Mitochondria play a central role in cellular energy production, biosynthesis, and redox balance, making them critical regulators of cell survival and proliferation. While the Warburg effect initially suggested that cancer cells rely predominantly on glycolysis even in the presence of oxygen, it is now widely recognized that mitochondrial metabolism remains active and is essential for the growth and survival of many tumors. As such, targeting mitochondrial function has emerged as a promising therapeutic strategy in cancer. However, the complexity of mitochondrial biology and tumor heterogeneity presents significant challenges in translating this approach into effective clinical treatments [1, 2].

Cancer cells exploit mitochondrial metabolism to support their anabolic needs and maintain cellular homeostasis. The tricarboxylic acid (TCA) cycle provides intermediates for amino acid, lipid, and nucleotide biosynthesis, while oxidative phosphorylation (OXPHOS) contributes to ATP production and redox regulation. Many tumors, particularly those in nutrient-limited or hypoxic environments, rely heavily on mitochondrial pathways to sustain their energy and biosynthetic requirements [3, 4].

Therapeutic strategies targeting mitochondrial metabolism aim to disrupt these functions and selectively impair cancer cell viability. One approach involves inhibiting components of the electron transport chain (ETC), thereby suppressing OXPHOS and inducing energetic stress. Agents such as IACS-010759, a complex I inhibitor, have shown promise in preclinical and early clinical trials, particularly in cancers with high mitochondrial dependency, such as acute myeloid leukemia (AML) and certain brain tumors [5, 6].

Another strategy focuses on targeting mitochondrial enzymes involved in the TCA cycle or metabolic anaplerosis. Inhibitors of glutaminase, such as CB-839 (telaglenastat), aim to block glutamine utilization, a major fuel for the TCA cycle in many cancers. By depriving tumor cells of this key nutrient, these agents can reduce growth and sensitize tumors to other therapies. Similarly, targeting enzymes like isocitrate dehydrogenase (IDH1/2), which are frequently mutated in gliomas and leukemias, has led to the development of specific inhibitors that restore normal metabolic flux and reduce the production of oncometabolites like 2-hydroxyglutarate [7].

Mitochondria also play a pivotal role in apoptosis regulation. Agents that modulate mitochondrial membrane potential or target anti-apoptotic proteins of the BCL-2 family can trigger programmed cell death in cancer cells. Venetoclax, a BCL-2 inhibitor, exemplifies this strategy and has demonstrated efficacy in hematological malignancies, especially when combined with agents that disrupt mitochondrial metabolism [8].

Despite these advances, several challenges hinder the widespread application of mitochondrial-targeted therapies.
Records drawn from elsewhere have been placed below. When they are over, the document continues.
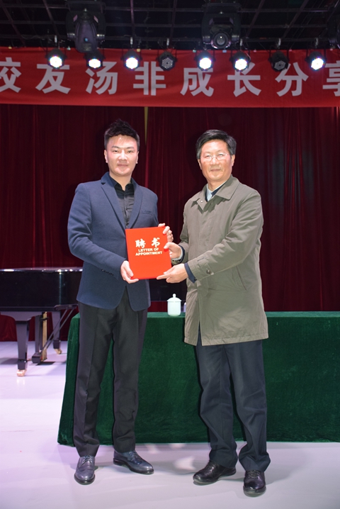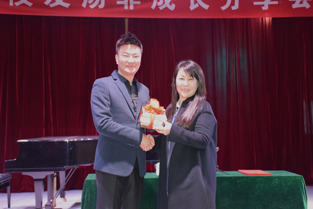 刘继红代表学校接受汤非赠送的音乐作品,王建为汤非颁发客座教授聘书。汤非与现场师生共同分享了自己的成长经历,对母校的悉心培养表示深深的感谢,对学弟学妹的成长给予深情的勉励。
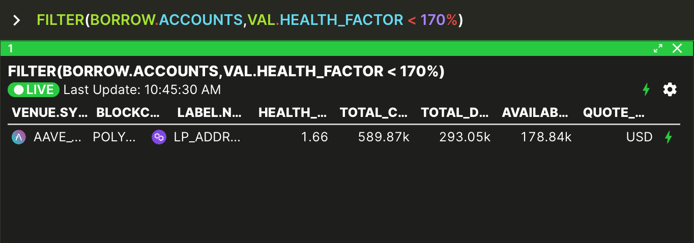 FILTER(BORROW.ACCOUNTS, VAL.HEALTH_FACTOR < 170%)
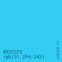 Цвет #33CCF2 в цветовой модели RGB обозначается тремя октетами (51, 204, 242) в десятичном формате и #33CCF2 в шестнадцатиричном (hex) формате, которые являются интенсивностью красного 51 (hex 33), интенсивность зелёного 204 (hex CC) и интенсивность синего 242 (hex F2).

One major obstacle is tumor heterogeneity—both within and between tumors—which can influence mitochondrial dependency and drug sensitivity. Some cancers exhibit metabolic plasticity, switching between glycolysis and OXPHOS depending on environmental cues, thereby evading single-pathway inhibitors. Additionally, mitochondrial functions are essential in many normal tissues, raising concerns about toxicity and off-target effects [9].

Another limitation is the lack of reliable biomarkers to identify patients who would benefit most from mitochondrial-targeted therapies. Predictive markers of mitochondrial dependency or specific metabolic vulnerabilities are needed to tailor treatments and improve outcomes. Advances in metabolomics, single-cell analysis, and imaging technologies are helping to address this gap by enabling better profiling of tumor metabolism in vivo.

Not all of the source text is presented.